Attraverso l’analisi spettroscopica è possibile determinare che i frammenti di microplastica studiati sono prevalentemente (45%) polietilene (PE), in particolare quello utilizzato nei sacchetti di plastica e negli involucri alimentari, nonché il polietilene tereftalato (PET), in particolare quello utilizzato nella plastica bottiglie.

È importante notare che nel caso delle microplastiche, come quella delle fibre di cellulosa, che colonizzano i nostri oceani, c’è un grave problema con gli additivi utilizzati dai produttori per modificare le proprietà di questi materiali: colorarli, renderli più resistenti, rigidi o, al contrario, più flessibili. “Man mano che il materiale invecchia, questi additivi finiscono per staccarsi dal mezzo che, in questo caso, è una fibra di cellulosa o una particella di microplastica, e dissolversi nell’oceano o essere rilasciati nel tratto digestivo degli organismi se queste particelle vengono ingerite” , aggiunge Sophie Lecomte.
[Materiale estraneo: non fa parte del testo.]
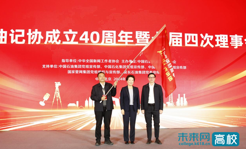 讲好石油故事,凝聚文化合力。在全国上下深入学习贯彻党的二十届三中全会精神,石油石化能源行业奋进高质量发展之际,12月13日上午,中国石油记协成立40周年暨七届四次理事会议在北京石油科技交流中心召开。程永清受邀出席活动,并代表学校作为全国石油石化能源系统第二届“好记者讲好故事石油精神宣讲团”进高校宣讲活动首场进驻高校接受大会授旗。

Un cambio di rotta tra il Sud Atlantico e il Nord Atlantico

L’elemento più sorprendente dei risultati dei ricercatori è che questo primo studio delle acque superficiali offshore rivela una reale differenza tra il Sud Atlantico e il Nord Atlantico: un certo numero di campioni raccolti nel sud non contengono microplastiche e generalmente ne contengono meno che al Nord. “Tuttavia, avremmo dovuto trovarne alcuni mentre Fabrice Amedeo navigava nel South Atlantic Gyre, un’area rinomata per la sua massiccia concentrazione di questo materiale. Questo insieme unico di dati mette in dubbio la dinamica interna del gyre. Bisognerà aspettare e vedere come i frammenti più piccoli, quelli raccolti con filtri da 100 e 30 µm, vengono suddivisi e distribuiti nella colonna d’acqua”, spiega Christophe Maes.

I campioni nei filtri da 100 µm e 30 µm sono in corso di analisi, insieme a quelli dell’ultima Transat Jacques Vabre tra Le Havre e il Brasile, che consentirà la mappatura dell’inquinamento da microplastiche nel Nord Atlantico, insieme a un più approfondito studio della differenza di concentrazione tra Sud e Nord. I prossimi passaggi marittimi consentiranno anche una comprensione ancora più profonda dell’Oceano Atlantico. Fabrice Amedeo, infatti, quest’anno parteciperà alla Vendée – Arctique – Les Sables (corsa tra Francia e Islanda) e alla Route du Rhum (Saint-Malo – Pointe-à-Pitre): durante questi passaggi marittimi, il sensore di microplastiche, finanziato con il supporto del Gruppo Onet, sarà operativo 24 ore su 24, 7 giorni su 7.